Dental Tissues
The individual tooth is composed of five different tissue layers, which can be seen without magnification in a cross section of a tooth (Figs 3-1 and 3-2). These tissues can be divided into soft and hard substances:
Hard substances
- Enamel (enamelum)
- Dentin (dentinum)
- Cementum
Soft substances
- Dental pulp (pulpa dentis)
- Periodontal ligament (desmodontium)
The whole tooth with its root is fixed in a bony socket in the jaw, the alveolus. Because the
periodontal ligament is connected to both the cementum of the root and the
alveolar bone, a cross section reveals the junction between the alveolar bone and the periodontal ligament; the junction between the
tooth and the gingival tissue is also evident.
Development of Dental Tissues
The development of dental tissue starts in the fifth week of embryonic life and is not complete until the twentieth year of life, with the formation of the third molars. The developmental processes are genetically controlled and are the same for all teeth. The development of dental tissue is known as odontogeny and starts when the embryo is roughly 9 mm in size. The side swellings for the nose and the primary palate are already identifiable, while there is still a shared nasal and oral cavity. The germ cells for the primary teeth are present in the swellings in the jaw.
The tooth germ cells arise from proliferation of the epithelial cells in the primary jaws and cells from the neural crest in the jaw swellings during weeks 8 to 17 of gestation. During this period, the proliferation of epithelial cells first gives rise to a dental bud and then a cap, and finally, as a result of the high rate of cell division, the tooth caps enlarge into a bell shape, which has roughly the same form as the eventual tooth. In this stage of development, the cells differentiate into the enamel, dental papilla, and follicle (Fig 3-3).
The germ cells of the primary teeth reach the bell stage in week 17 of embryonic life. The permanent first molars reach this developmental stage by week 24, and the permanent second molars reach the bell stage at 6 months after birth. The third molars do not reach the bell stage until 6 years after birth. The bell stage also sees
the start of dentin and enamel formation for the primary and accessional germ teeth. The succes-sional germ teeth develop from the fifth month of pregnancy through to the third year of life.
The successional germ teeth are located lingual to the primary teeth in the bell stage, and then they move to below the roots of the primary teeth when these erupt. This means the anterior germs lie exactly below the tips of the roots, and the premolars are between the splayed roots of the primary molars.
The enamel organ forms the bell with four functionally distinct layers: the external and internal enamel epithelium, the stellate reticulum, and the stratum intermedium.

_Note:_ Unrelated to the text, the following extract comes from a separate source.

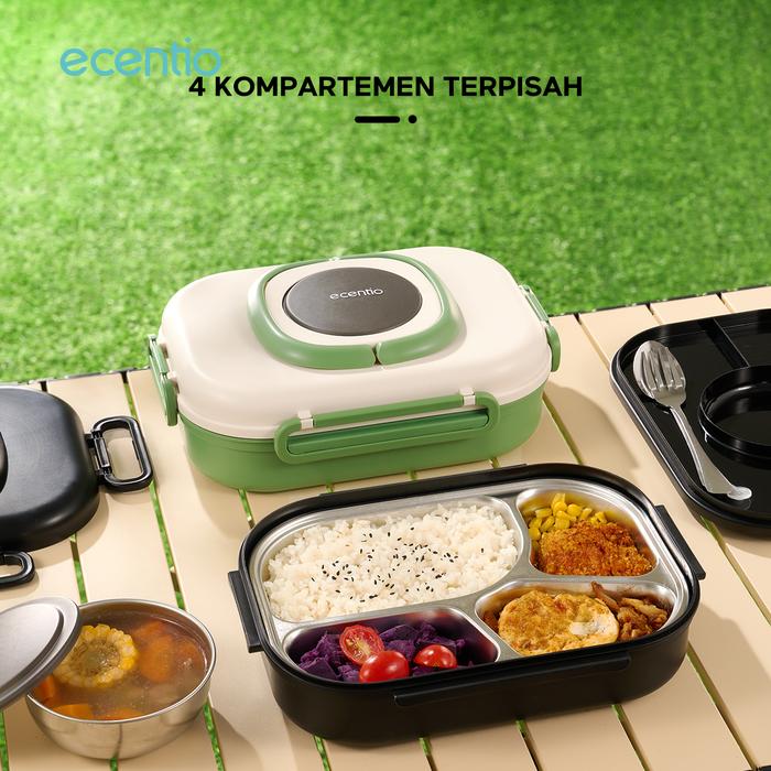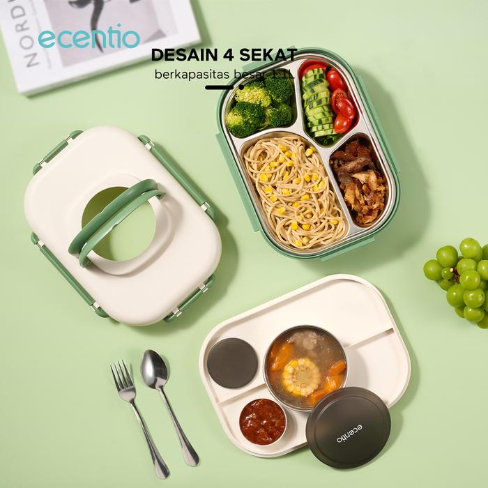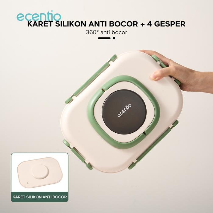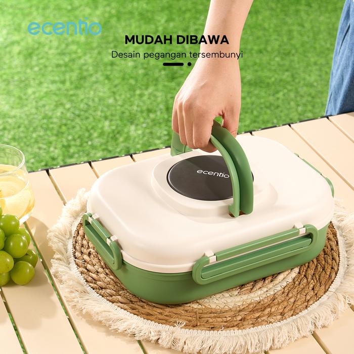 PROMO 8.8 ECENTIO 1100ML LUNCH BOX KOTAK MAKAN SIANG DENGAN STAINLESS STEEL HIJAU

The enamel epithelium covers the whole surface of the enamel organ (Fig 3-4). The external enamel epithelium forms the outer limit of the enamel organ and, with the cervical loop, is continuous with the internal enamel epithelium at the edge of the bell. The cells of the stellate reticulum make up the inner part of the organ; the cells of the stratum intermedium overlie the internal epithelium as a thin layer. The internal enamel epithelium is the inner layer of the bell and marks the separation from the cells of the dental papilla.
The dental papilla is an accumulation of cells arising from embryonic connective tissue and migrated nerve fibers, which is enclosed by the epithelial bell. A thin layer of connective tissue known as the follicle surrounds the dental papilla and enamel organ.
The cells of the dental papilla control formation of the root and the tooth shape. The enamel-forming cells differentiate from the cells of the internal enamel epithelium, while the dentin-forming cells are differentiated from the peripheral cells of the dental papilla.
The odontoblasts secrete the dentin matrix toward the interface with the internal enamel epithelium and thereby stimulate the enamel-forming cells to produce enamel. The formation
of dentin transforms the organic shape of the bell into a stable molded shape, against which the dental enamel is deposited.